All the better to eat you with, Kate reminded herself as a niggle of something she didn’t want to feel stirred inside her.
‘It’s for the swimming pool.’
‘Of course—a swimming pool for bulls and bucking horses.’
A deep, rich chuckle accompanied the smile this time. Had she not been immune …
‘We’re raising funds for a swimming pool at Wygera, an aboriginal community about fifty miles inland. The kids are bored to death—literally to death in some cases—sniffing petrol, chroming, drag racing, killing themselves for excitement.’
The smile had faded and his now sombre tone told her he’d experienced the anger and frustration medical staff inevitably felt at the senseless loss of young lives.
‘And when’s this rodeo?’
‘Weekend after next. That’s why the house is deserted. Whoever’s off duty is out at Wygera, organising things there—not so much for the rodeo as for the competition for a design for the swimming pool. Entries have to be in by today and the staff available are out there registering them and sorting them into categories. All the locals are involved. I’m on call for the emergency service. Did you know we have both a plane and a helicopter based—?’

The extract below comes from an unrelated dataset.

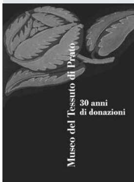
Copertina provvisoria del catalogo

The phone interrupted his explanation, and as he walked out of the room to speak to the caller, Kate opened her suitcase and stared at the contents neatly packed inside. But her mind wasn’t seeing T-shirts and underwear, it was seeing young indigenous Australians, so bored they killed themselves with paint or petrol fumes.
You’re here to trace your mother’s life, not save the world. But the image remained until Hamish materialised in the doorway.
‘Look,’ he said, brushing the rebellious hair back from his forehead. ‘I hate to ask this when you’ve just arrived, but would you mind doing an emergency flight with me? There are fifteen kids from a birthday party throwing up over at the hospital so the staff there have their hands full.’
Kate closed her suitcase.
‘Take me to your aircraft,’ she said.